The code below only needs to run once. Though it wouldn’t hurt to check that they received the update with the Get command below. Then restart the service on each server.
$timeout = 10000
$maxConnections = [Max # Processors per WFE]
$DLTC = Get-SPDistributedCacheClientSetting -ContainerType DistributedLogonTokenCache
$DLTC.RequestTimeout = $timeout
$DLTC.ChannelOpenTimeOut = $timeout
$DLTC.MaxConnectionsToServer = $maxConnections
Set-SPDistributedCacheClientSetting -ContainerType DistributedLogonTokenCache $DLTC
Get-SPDistributedCacheClientSetting -ContainerType DistributedLogonTokenCache
$DLVSC = Get-SPDistributedCacheClientSetting -ContainerType DistributedViewStateCache
$DLVSC.ChannelOpenTimeOut = $timeout
$DLVSC.RequestTimeout = $timeout
$DLVSC.MaxConnectionsToServer = $maxConnections
Set-SPDistributedCacheClientSetting -ContainerType DistributedViewStateCache -DistributedCacheClientSettings $DLVSC
Get-SPDistributedCacheClientSetting -ContainerType DistributedViewStateCache
# This should run [Restart-Service -Name AppFabricCachingService] on each cache host
Restart-CacheCluster
Don’t use Session Cookies unless you have a documented security reason. Otherwise your users will hate you. You can change it, but I highly suggest you don’t. Now on to more math. MaxServiceTokenCacheItems and MaxLogonTokenCacheItems are in memory tokens given by the SP STS, per server. You want this to match the MaxConnectionsToServer setting if your load balancer is running persistence. If not you might need a higher value. The Service Token is used whenever your user hits the Search Query or other service application service. The LogonTokenCacheExpirationWindow is used for sliding sessions. Again more math.

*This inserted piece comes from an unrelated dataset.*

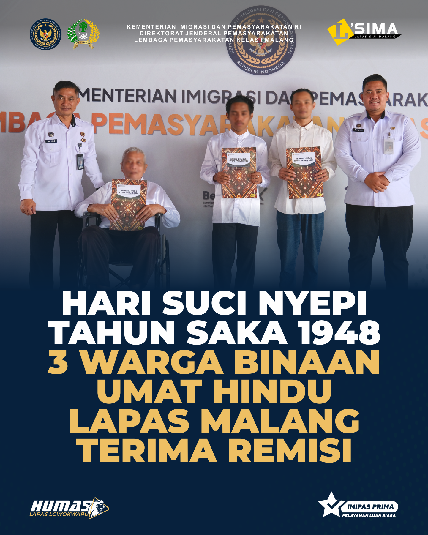 Malang - Lapas Kelas I Malang melaksanakan penyerahan Remisi Khusus (RK) Hari Raya Nyepi Tahun 2026 kepada warga binaan yang...

The code below only needs to run once on the farm. However you will need to iisreset each server.
$maxTokens = [# of concurrent user / WFEs]
$sts = Get-SPSecurityTokenServiceConfig
$sts.UseSessionCookies = $false
$sts.MaxServiceTokenCacheItems = $maxTokens
$sts.MaxLogonTokenCacheItems = $maxTokens
$sts.LogonTokenCacheExpirationWindow = (New-TimeSpan -second [MATH])
$sts.Update()
iisreset
After I got this all configured and run an 8 hour test, the farm performed great and as we had originally expected. As always your value may very.
Now I need a beer and cigar. Seriously though I hope this helps someone and keeps the frustration down.